Lisp, despite the nasty ()'s, is an extremely powerful tool that has
been wrongly ignored.
I am also quite fond of scripting languages like Python and especially
the relatively new import from Japan, Ruby. Ruby is fully OO
(everything is a first class object) with quite a few lisp abilities
added in and full GC. It makes a excellent prototyping and glue
language to hook together various modules in other languages whether
they are in other languages for legacy reasons or for better
Python is used at some of the really big national defense labs to hook
together huge scientific programming projects spread across multiple
banks of supercomputer level machines and in multiple languages. There
is simply no way they could keep up with demand and the changing mix
tractably with a large C/C++ or Java project.
Smalltalk is used in some highly mission critical systems in the
finacial world. It is very popular on Wall Street where Smalltalk
wizards configure complete new trading tools and systems and modify
holds in near real time to satisfy the huge hunger for just one more
edge over the competition.
Truthfully there are places where C is very good. It makes a useful
universal assmebler and is quite good for coding tight highly efficient
data structures and components. But large systems and integrating and
modifying components dynamically are not its strengths.
What would be most ideal in the current state of things is if there was
a relatively transparent, efficient means to hook together components
and code snippets in multiple languages. .NET is one try, CORBA and COM
are others. I think all of these have some real weaknesses but CORBA is
the most adaptable across multiple platforms and languages. .NET does
what people have already done with the Java VM. The Java VM is
seriously constrained in its primitve operation set to what Java
supports.
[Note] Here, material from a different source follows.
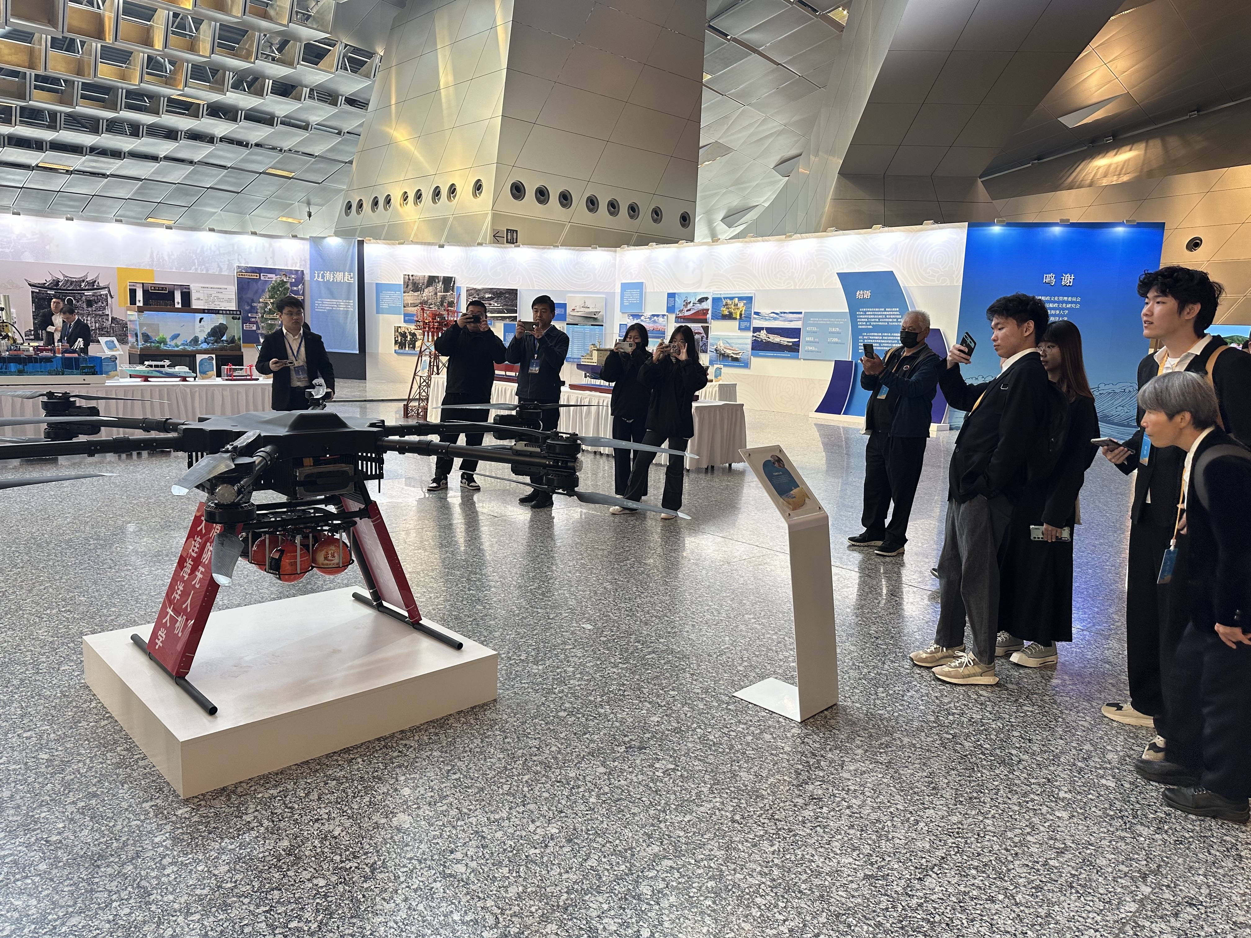 全球首制商用7500立方米液态二氧化碳运载船模子、最大抗风品级8级的大载重无东说念主机、专科南极磷虾捕捞加工船“福兴海”号船模……展出的当代海洋科技恶果令台胞们传颂不已。

Yet people have managed to support 100 language
implementations in Java and some of those directly running on top of the
JVM like Jython, at least two variants of Scheme and I believe I've even
seen a Haskell in the mix.
Speaking of platforms, is WebMind particular about OS? I confess to
being mainly a Linux bigot. For some reason every time I get my hands
on a new windoze machine, despite my solemn intentions otherwise, it
eventually ends up being wiped and loaded with Linux. I do Windows for
$$$ but I do Linux generally on my own time.